しかし、味方をした彼が特に罰せられてもいなければ彼が中立勢力を乗っ取ったわけでもない。

つまり、ラインハルトはあえてそれを見逃し、作られていた要塞級で包囲をする事を考えたのだろう。



「不味い……、戦力比が逆転した……」



要塞級も今までのように叩き潰すのは難しい。

なぜなら、ロイエンタール艦隊が目の前にいるからだ……。



「ラップ、逆転の目はあるか?」

「無いとは言いませんが……かなり厳しいかと。

 これが中立勢力で作られたものなら、マーリンドルフ伯爵領でも作られていた可能性が高い」

「……つまり」

「ビュコック艦隊以下3個艦隊で圧倒しつつあるオーディン正面の戦闘に介入してくる可能性があります」

「……」



つまり、ここにいる2隻とは別に最低もう一隻やってくる可能性があるという事か……。

最初、あれだけ簡単に殲滅したのは、こちらの切り札を切ったという所が大きい。

それに、同じ事をしたとして、前回と同じ愚を犯してくれる様な敵でもない。


このまま行けば、原作のアムリッツァの再現を行ってしまう事になる。

なんとしてもそれだけは防がねば……。










あとがき。



要塞級おかわりwという事で。

量産しすぎと言われると辛いですがw

まあ、簡易式なので要塞級の装甲は要塞ほどではありません。

戦艦の装甲とそう変わらない程度です。

ですが、まあでかいので意図して炉を直撃させる攻撃が来るのでなければ割と持ちこたえます。
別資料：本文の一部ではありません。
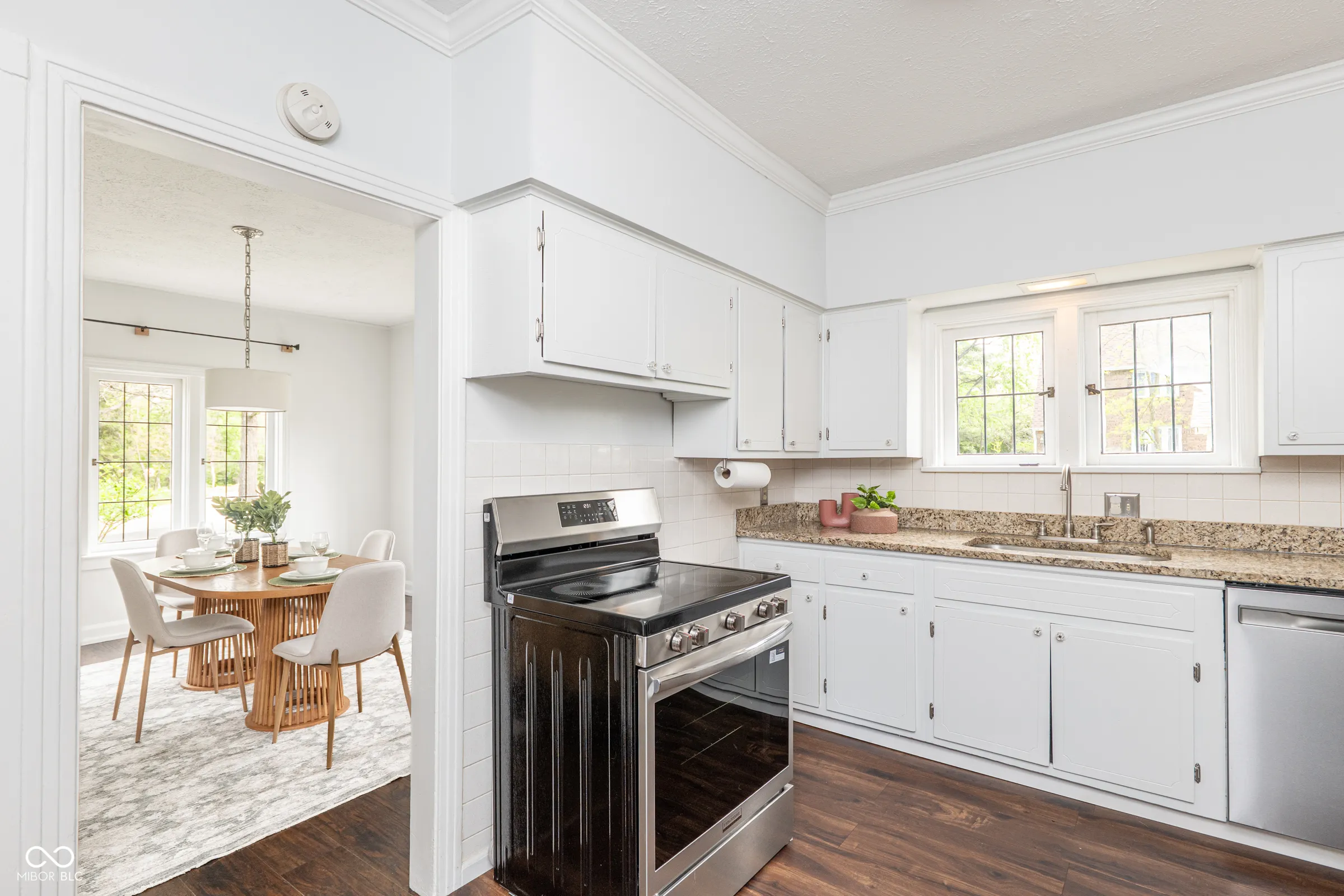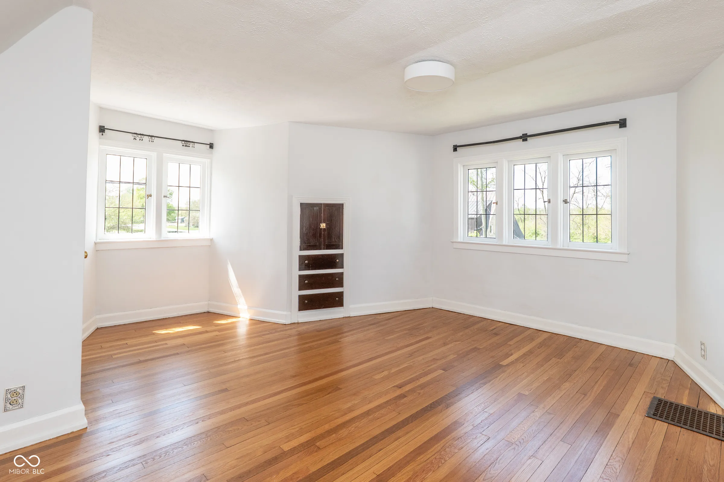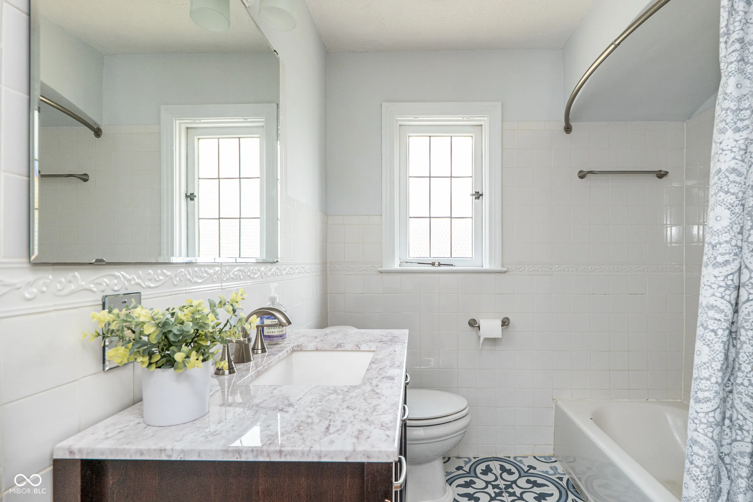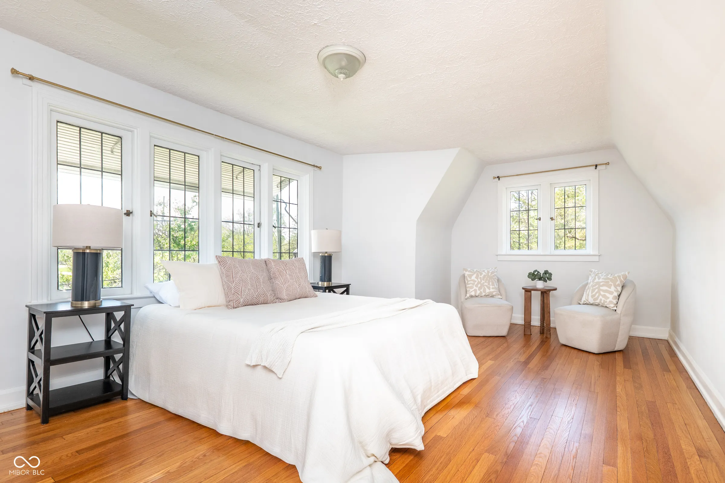 Step back in time without giving up a thing. Built in 1929 and thoughtfully updated for modern living, this stately English Tudor is one of just eight homes on the coveted Lick Creek Drive – a quiet, tucked-away address that feels a world apart while remaining minutes from everything Indianapolis has to offer. The limestone-trimmed arched entry, rich variegated brick, and steep gabled roofline announce something special before you even step inside. Nearly a century of character unfolds across three bedrooms and two and a half baths. Original leaded glass windows cast soft light through every room. Arched doorways, twisted wrought-iron balusters, stained glass panels, and a barrel-vaulted living room ceiling speak to craftsmanship that simply isn’t built anymore. Original hardwood floors – freshly refinished upstairs – run through many rooms, and the living room’s limestone fireplace anchors the space with quiet elegance. The layout flows beautifully: a tile-floored foyer with a graceful staircase, a formal dining room, a sun-drenched kitchen with all-new appliances and new flooring, a breakfast nook, and an enchanting sunroom wrapped in original windows that opens to the backyard. A charming built-in china cabinet nods to the home’s heritage. Recent updates give you total peace of mind: fresh interior paint throughout, newly refinished upstairs hardwood floors, new kitchen and breakfast nook flooring, all-new kitchen appliances, a one-year-old well pump, UV filter and pressure tank, and fresh landscaping. Outside, the .43-acre lot offers space to breathe – a three-car garage, a garden she-shed, and mature trees frame a property that feels like a private retreat. Homes like this don’t come along often. This one has been loved.
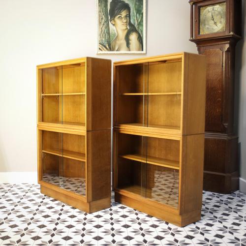Pair of Bookcases Oak & Veneer Glazed Doors Adj Shelves 1953 Kean & Scott
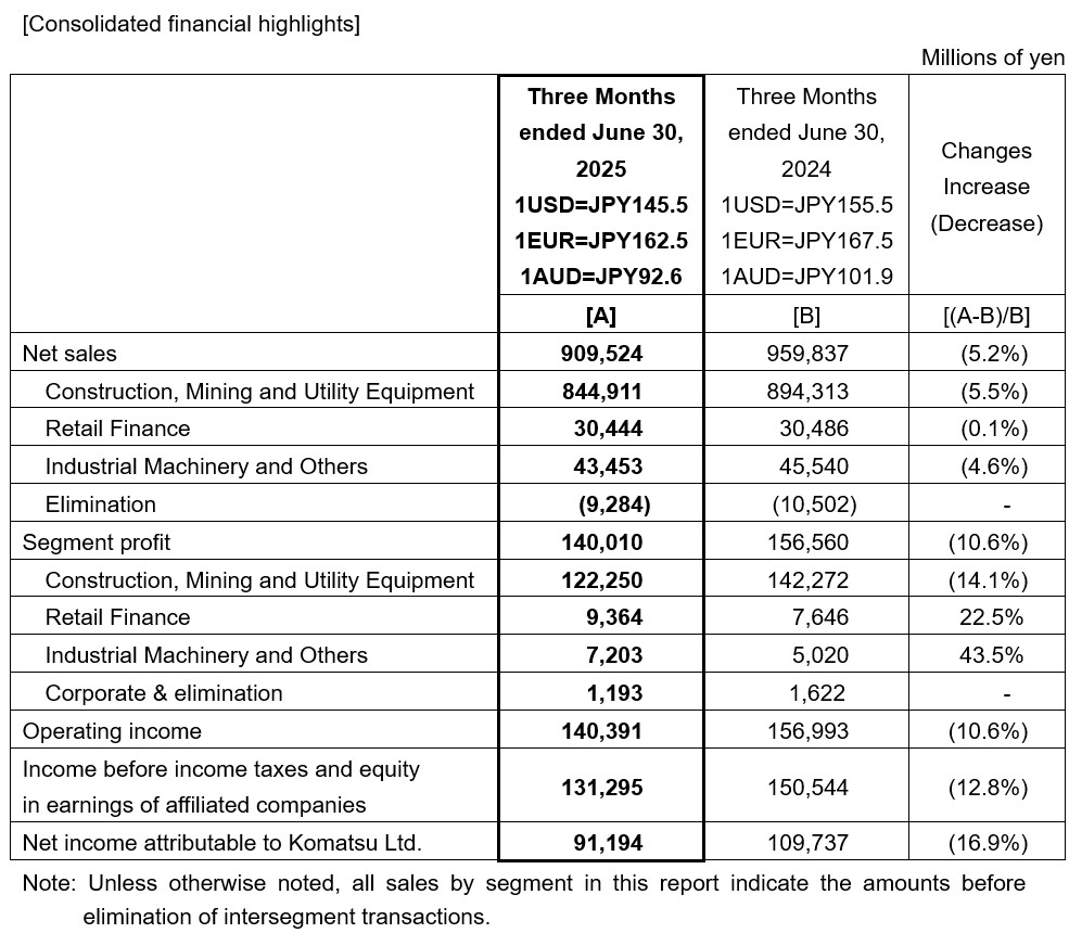 Komatsu Ltd. today announced its consolidated business results for three months of the fiscal year ending March 31, 2026 (U.S. GAAP). The highlights are described below.
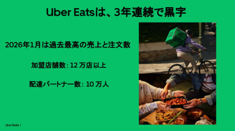 同社は日本国内において、2023年から2025年の間、3年連続で黒字を達成、2026年1月には過去最高売上を記録した。加盟店数は約12万店、配達パートナーは全国に10万人を有する。
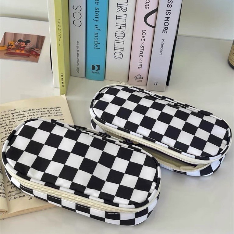 Hộp Đựng Bút Họa Tiết Kẻ Ô Trắng Đen Đơn Giản Phong Cách Ins Cho Học Sinh
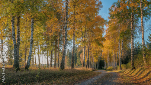Obraz premium "Commercial landscape, golden autumn forest with soft morning light, rich...
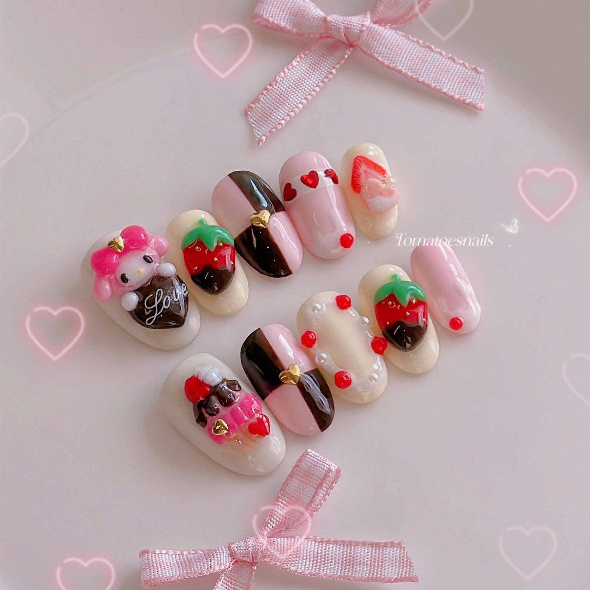 If you order a shorter nail length, some charms will need to be adjusted to make the design look pretty and fit on a smaller nail tip ʕ•́ᴥ•̀ʔっ.
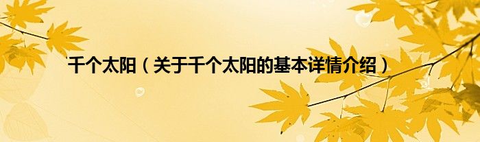 本文关于千个太阳的基本详情介绍就讲解完毕,希望对大家有所帮助。
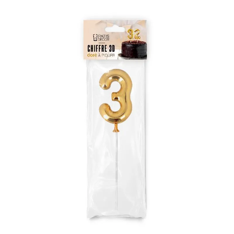 Chiffre n°3 en 3D sur pique, à positionner sur vos gâteaux d’anniversaire : idéal pour obtenir une décoration chic et originale.
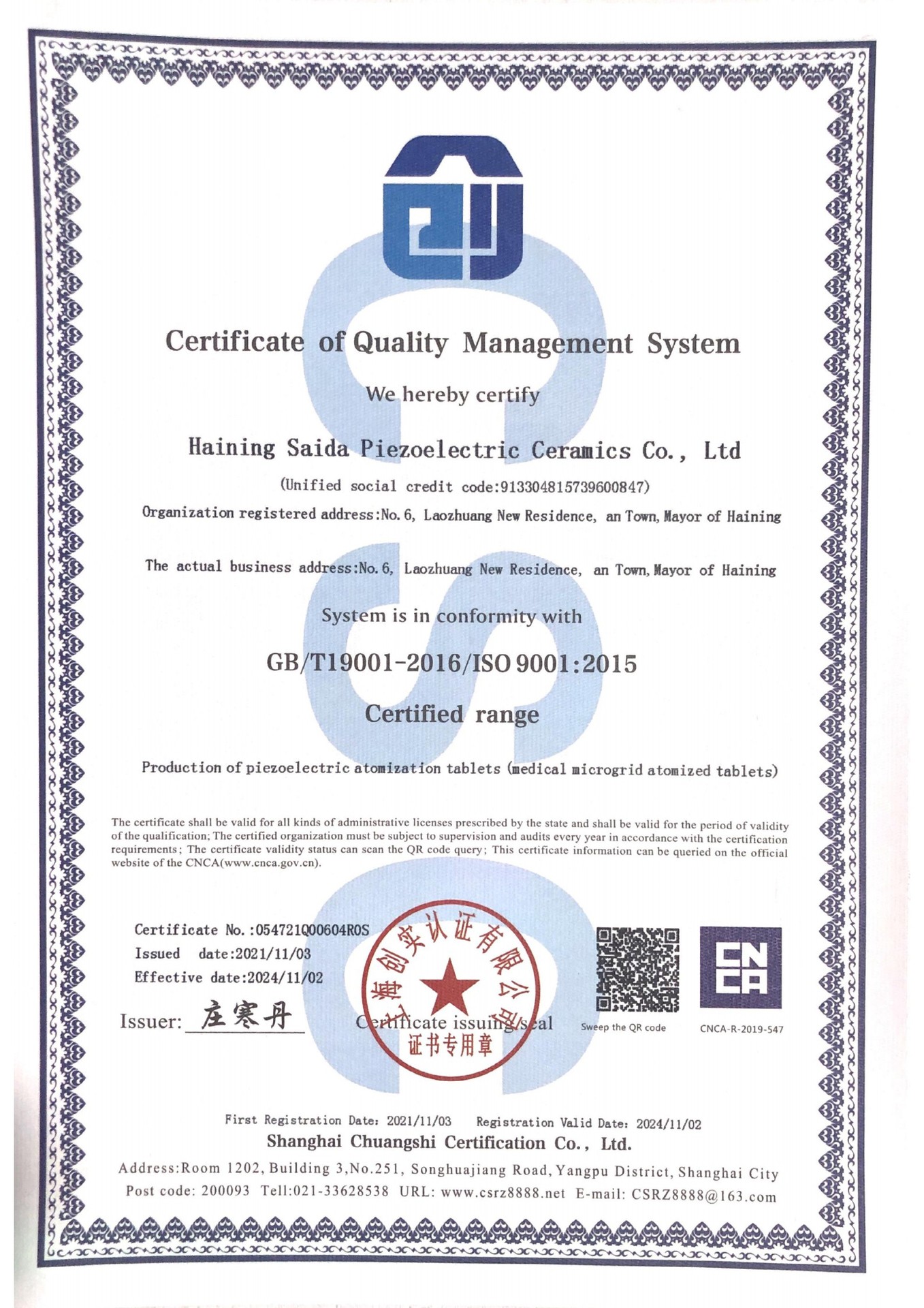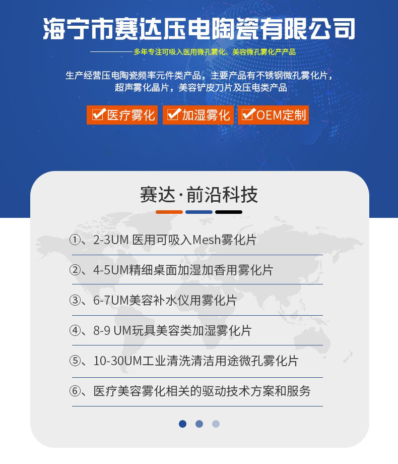 赛达SD专业生产雾化片压电陶瓷微网雾化片加湿器香薰机补水雾化片
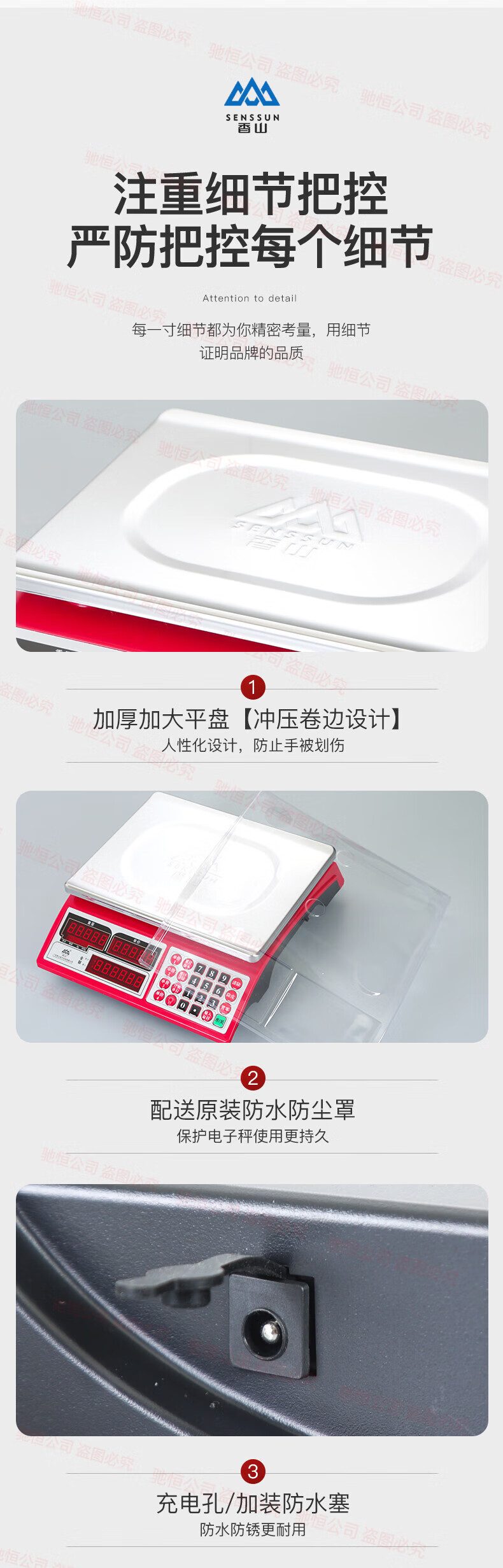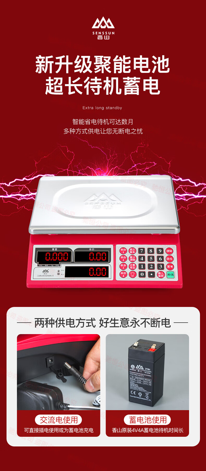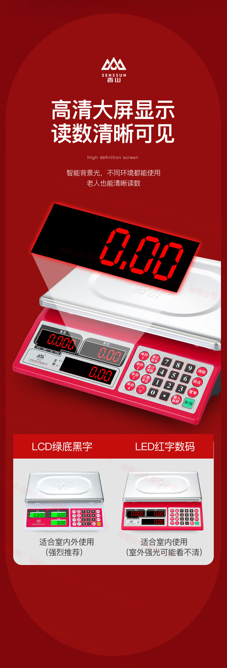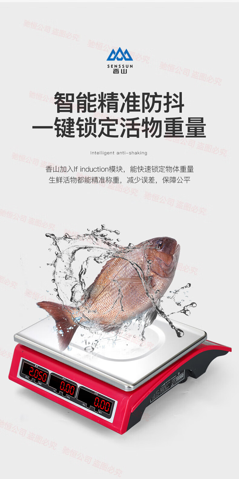Xiangshan brand electronic scale commercial small 30kg household waterproof brand platform scale stainless steel vegetable selling precision scale upgraded version 30kg (indoor red letter)
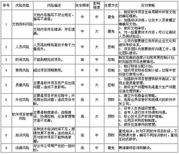 6、其他方面风险:主要包括文档资料风险、人员风险、培训风险、项目管理风险、外包风险及法律风险。
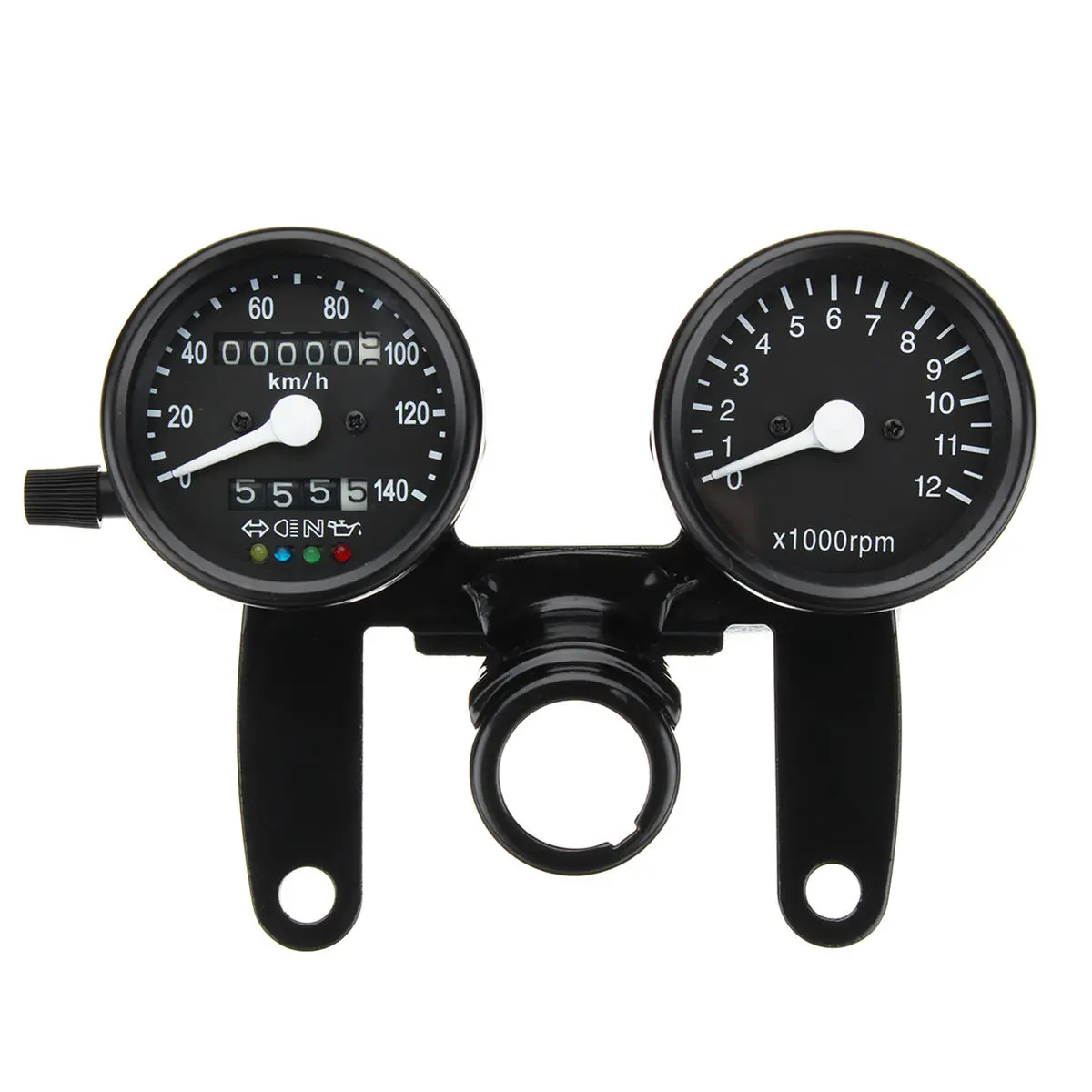 12V Motorcykel LED Baggrundsbelysning Odometer Tachometer Speedometer Dual Gauge Meter Med Beslag Universal

前回は何段階か前のものとはいえ設計図が手に入っていたので炉の位置がバレていたのが大きいでしょう。

ですが、ラインハルト側も何度も弱点をつかせてくれるほど甘くはないです。

今回は頑張って艦隊戦っぽいものを書いてみましたw

次回はどれくらい艦隊戦になるのかは未定だったりしますが。